De las fragolinas de mis ayeres
Un día la Mamesa le vendió a Antonia de Melchor un almirez, y una alacena grande, de dos puertas, con cuarterones sobrios. Es esa alacena que conservan los de casa el Maestro en el granero del patio. La había hecho un buen carpintero de Biel con los mejores pinos de la Sierra de Santo Domingo.
Muchos años antes, allí había guardado la dote una moza de Biel. Aquella de casa Bretos a la que sus padres habían casado con Gil de Mamés, un viudo de El Frago que estaba de pastor en Santo Domingo.

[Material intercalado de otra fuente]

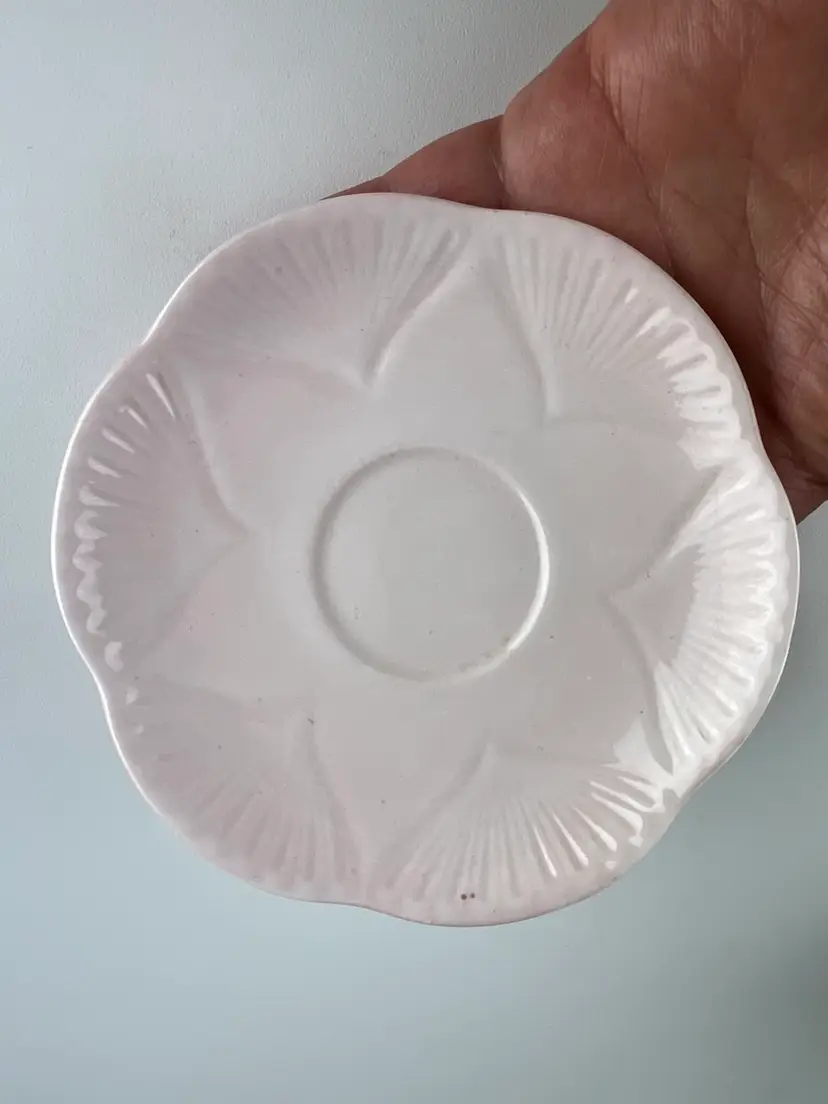 Cup measures 2.375" tall by about 3.75" at its widest. The saucer measures .625" tall by 5" wide.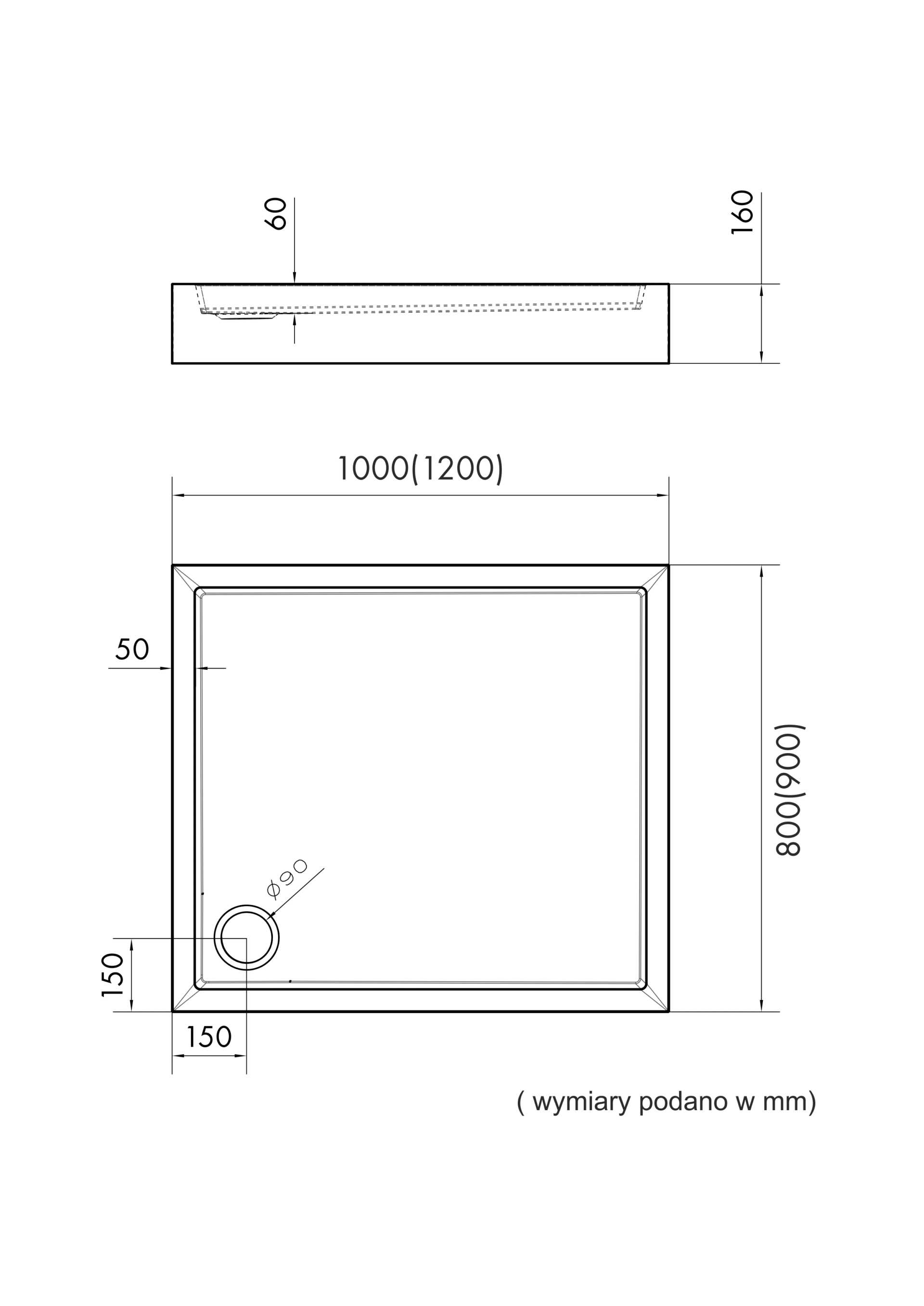 Schedline Favory Plus Black Stone brodzik 80x100 cm 3ST.F1P-80100/C/ST

En esa alcoba, Gil recibió a una novia montaraz y asustadiza. Y de verdad que era asustadiza, pues cuando vio el gran colgajo del novio le impresionó tanto que se escapó despavorida por la ventana y se perdió entre los montes en una noche sin luna. Nadie volvió a saber nada de ella. Como las gentes son olvidadizas, ni los más viejos del lugar se acuerdan de su nombre.
Gil de Mamés se quedó con el vergajo apuntando al techo, pensando qué podía hacer, porque era tanta la fama de su miembro viril que tenía espantadas a todas las mozas de la redolada.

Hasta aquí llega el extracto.